Hazy though class and regional differences in England were to my father, he had instantly understood how to subvert Ockie, whom he liked, and instituted their regular Saturday luncheon at Prunier on St. James’s Street. They met after my father had attended the morning session of the art auctions at Christie’s or Sotheby’s. “Vincent is not such a bad chap,” my grandfather would say reflectively, and my father felt the same about him. At Prunier they ate well, shared a good bottle of wine, and a glass or two of brandy afterwards. I imagine this luncheon was in part a reliable way my father had invented of irritating my grandmother without seeing her—he always referred to her, though never to Ockie, as “that bloody old voman.”
What the two men found to talk about together over lunch was a mystery to most people, but my father enjoyed silence, and my grandfather Ockie was perhaps happy enough to get away from my grandmother’s chatter and bossiness for a few hours. I accompanied my father a few times, and for the most part they ate in companionable silence. They had both fought, though on different sides, in the First World War, but they never spoke about that, or politics, or marriage in my hearing.
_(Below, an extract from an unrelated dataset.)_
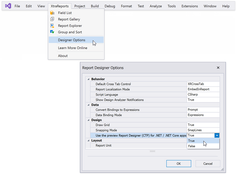 Expand Visual Studio’s XtraReports menu and click the Designer Options item to invoke the Report Designer Options dialog. Enable the Use the preview Report Designer (CTP) for .NET /.NET Core apps property in the Design category.

My grandmother represented respectability and tidiness, two incomprehensible concepts to my father, who hated tidiness and lived in a chaos of his own making. He moved everywhere in a cloud of cigarette ashes, scattered scraps of paper with notes or sketches, discarded pencil stubs, and small change. He used a knotted-up polka-dot Sulka necktie to hold up his trousers, and wore his expensive bespoke Lobb shoes unshined, with the laces left untied for greater comfort. The Musgrove house represented everything my father disliked about England, from the crazy paving and the stone gnomes in the garden to the heavy cut-velvet upholstered furniture, the stained glass windows, the smell of furniture polish, and the neat antimacassars. Whenever the subject of the house in Hendon came up, he would say with a heartfelt sigh, “Poor Ockie.”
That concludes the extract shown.